Here's the data we'll use.  This is the subject classification task from the Library of Congress ($x$ = the title of a book and $y$ = a choice of a single subject classification). Be sure to adjust the prompt categories in the example below to reflect the classes you're trying to predict.

In [None]:
!wget https://raw.githubusercontent.com/dbamman/anlp25/refs/heads/main/data/loc/train.200.tsv
!wget https://raw.githubusercontent.com/dbamman/anlp25/refs/heads/main/data/loc/dev.100.tsv

In [None]:
lc_classification = {
    "A": "GENERAL WORKS",
    "B": "PHILOSOPHY. PSYCHOLOGY. RELIGION",
    "C": "AUXILIARY SCIENCES OF HISTORY",
    "D": "WORLD HISTORY AND HISTORY OF EUROPE, ASIA, AFRICA, AUSTRALIA, NEW ZEALAND, ETC.",
    "E": "HISTORY OF THE AMERICAS",
    "F": "HISTORY OF THE AMERICAS",
    "G": "GEOGRAPHY. ANTHROPOLOGY. RECREATION",
    "H": "SOCIAL SCIENCES",
    "J": "POLITICAL SCIENCE",
    "K": "LAW",
    "L": "EDUCATION",
    "M": "MUSIC AND BOOKS ON MUSIC",
    "N": "FINE ARTS",
    "P": "LANGUAGE AND LITERATURE",
    "Q": "SCIENCE",
    "R": "MEDICINE",
    "S": "AGRICULTURE",
    "T": "TECHNOLOGY",
    "U": "MILITARY SCIENCE",
    "V": "NAVAL SCIENCE",
    "Z": "BIBLIOGRAPHY. LIBRARY SCIENCE. INFORMATION RESOURCES (GENERAL)"
}

def read_data(filepath):
    labels = []
    texts = []
    with open(filepath, "r") as f:
        for line in f:
            label, text, _ = line.strip().split("\t")
            labels.append(lc_classification[label])
            texts.append(text)
    return texts, labels

In [None]:
trainX, trainY = read_data("./train.200.tsv")

In [None]:
devX, devY = read_data("./dev.100.tsv")

## Nearest neighbors

We will first embed all of the training examples, then define a nearest neighbors function.

In [None]:
import torch

In [None]:
from sentence_transformers import SentenceTransformer

def create_nn_search(sentences):
    model = SentenceTransformer("all-MiniLM-L6-v2")
    embeddings = model.encode(sentences)

    def search(query, k=5):
        # return the top k nearest indices
        query_vec = model.encode(query)
        similarities = model.similarity(query_vec, embeddings)
        topk = torch.argsort(similarities.squeeze())[-k:]
        return list(topk)[::-1]
    return search
        
        

In [None]:
nn_search = create_nn_search(trainX)

What are the three nearest neighbors in the training set for the title "Flemish paintings in the Metropolitan Museum of Art "?

## LLM Prompting

We will evaluate 3-shot prompting with a random sample as well as with the 3 nearest neighbors to the target.

In [None]:
from tqdm import tqdm
from transformers import AutoModelForCausalLM, AutoTokenizer

In [None]:
model = AutoModelForCausalLM.from_pretrained("Qwen/Qwen3-4B", device_map="cuda", dtype="auto")
tokenizer = AutoTokenizer.from_pretrained("Qwen/Qwen3-4B")

In [None]:
from textwrap import dedent
import itertools

def classify_with_prompt(labels, shots, target_x, thinking=False):
    newline = "\n"
    system_prompt = dedent(f"""
        You're a helpful assistant for text classification.

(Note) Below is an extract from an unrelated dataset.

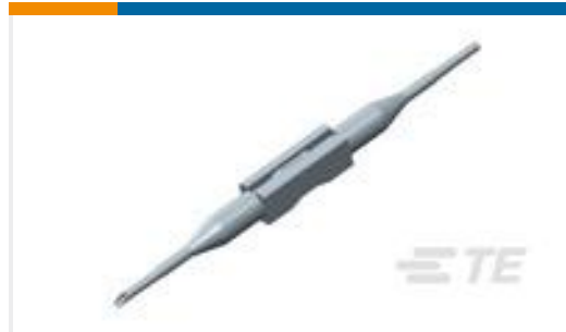
TE 产品编号110219-000 CTA-1160

You'll be given an input text and need to output a single choice from the following set of categories:
        {newline.join(labels)}
        Pick one of those labels and do not generate any other text.
    """).strip()
    
    messages = [
        {"role": "system", "content": system_prompt},
    ]
    messages += itertools.chain(*[
        ({"role": "user", "content": shot["X"]}, {"role": "assistant", "content": shot["y"]})
        for shot in shots
    ])
    messages += [
        {"role": "user", "content": target_x}
    ]
    text = tokenizer.apply_chat_template(
        messages,
        tokenize=False,
        add_generation_prompt=True,
        enable_thinking=thinking # Switches between thinking and non-thinking modes. Default is True.
    )
    
    model_inputs = tokenizer([text], return_tensors="pt").to(model.device)
    
    # conduct text completion
    generated = model.generate(
        **model_inputs,
        max_new_tokens=100
    )

    # let's break this down:
    #                      | we take the element of the batch (our batch size is 1)
    #                      |  |-----------------------------| skip our original input
    output_ids = generated[0][len(model_inputs.input_ids[0]):].tolist()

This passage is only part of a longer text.